AVAILABLE DATA —
============
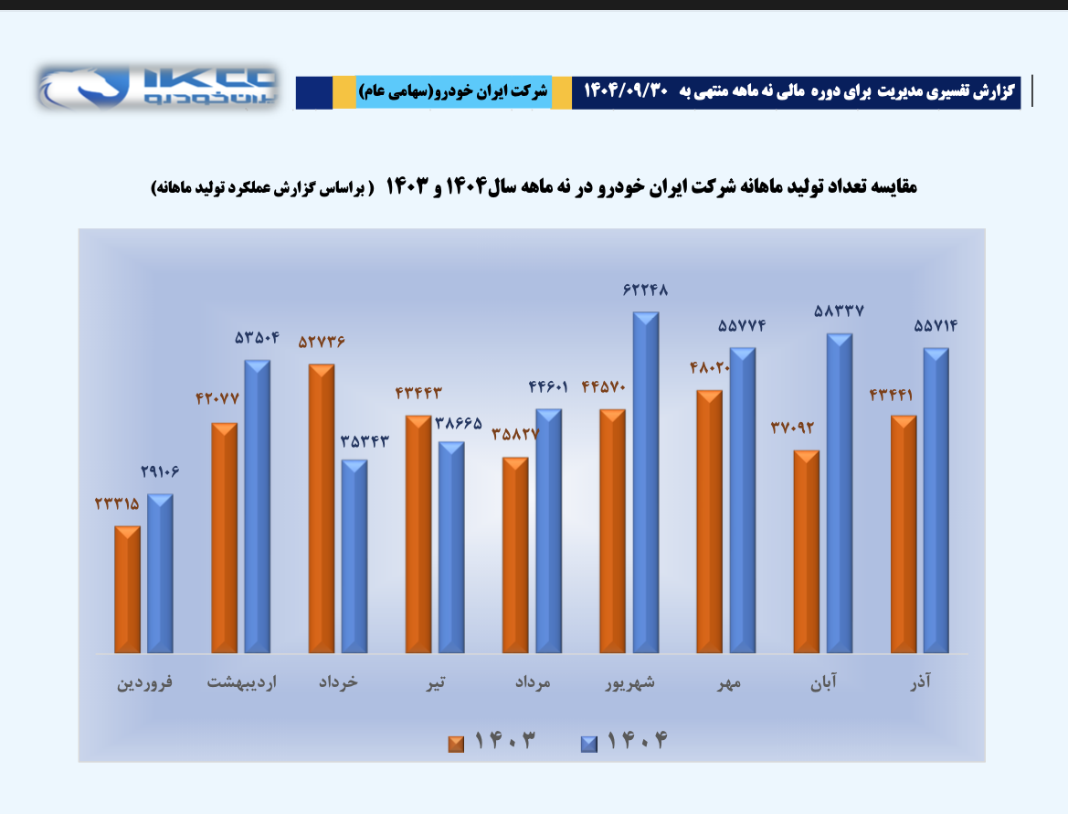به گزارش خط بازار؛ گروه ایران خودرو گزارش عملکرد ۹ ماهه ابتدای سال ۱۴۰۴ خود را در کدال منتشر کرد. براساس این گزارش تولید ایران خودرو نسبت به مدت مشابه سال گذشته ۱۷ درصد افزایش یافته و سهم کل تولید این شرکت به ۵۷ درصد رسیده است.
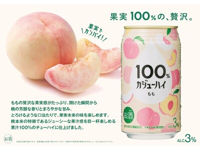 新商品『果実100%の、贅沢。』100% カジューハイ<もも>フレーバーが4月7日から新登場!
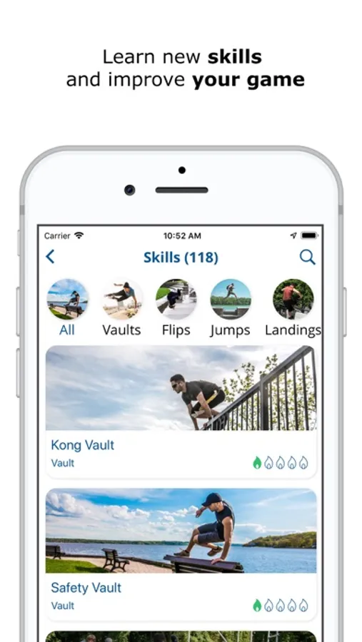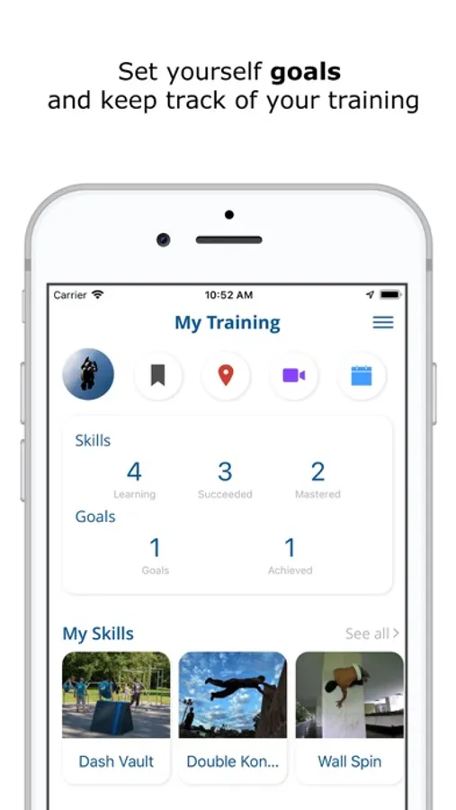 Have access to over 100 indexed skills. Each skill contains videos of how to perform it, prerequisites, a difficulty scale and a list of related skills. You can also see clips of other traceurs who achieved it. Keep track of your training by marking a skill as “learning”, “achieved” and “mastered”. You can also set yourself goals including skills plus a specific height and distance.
============
ACTIVITY — What you give back must be exactly the lines of the listing above from the line containing "新商品『果実100%の、贅沢" through its last line, inclusive, without pictures, please.

REPLY TO THE TASK —
 新商品『果実100%の、贅沢。』100% カジューハイ<もも>フレーバーが4月7日から新登場!
 Have access to over 100 indexed skills. Each skill contains videos of how to perform it, prerequisites, a difficulty scale and a list of related skills. You can also see clips of other traceurs who achieved it. Keep track of your training by marking a skill as “learning”, “achieved” and “mastered”. You can also set yourself goals including skills plus a specific height and distance.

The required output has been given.